The real issue is simply wanting the experience. This is where one encounters a lot of shaming along the lines of "nobody really needs sex so find a more worthwhile goal". I submit that it's worse on an autism site because of the high percentage of asexual, demisexual, or graysexual people who simply don't understand how somebody could desire sexual experience as an end in itself.

Well the other issue is that never having had sex can be blamed on a person lacking the social skills needed to obtain another person's cooperation in that matter, so never having had sex is seen as proof of that person's general inability to get by in the world.


This. The urge to have sex is hardwired into most people's brains by instinct and this is the common dominator that needs to be considered first and foremost.

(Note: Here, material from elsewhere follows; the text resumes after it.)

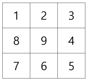 이때 수가 다음과 같은 순서로 배치되어있다면 이것을 n-소용돌이 수라고 부릅니다.

It just can't be switched off like a light bulb by telling people sex isn't a big deal or needs to be done correctly.

As a virgin becomes increasingly older, the chances of there being deep rooted problems causing their virginity increases and the shame and embarrassment also increases. Telling an older virgin that all is good causes them nothing but harm and invalidates (touchy word I know) what they're experiencing and the problems that lead to it.

As a broad rule of thumb that are my own personal assumptions. I consider something to be seriously amiss if an individual has passed the average age which their peers have kids and still hasn't lost their virginity. This is about 30 years of age. Problems become apparent about a decade before though.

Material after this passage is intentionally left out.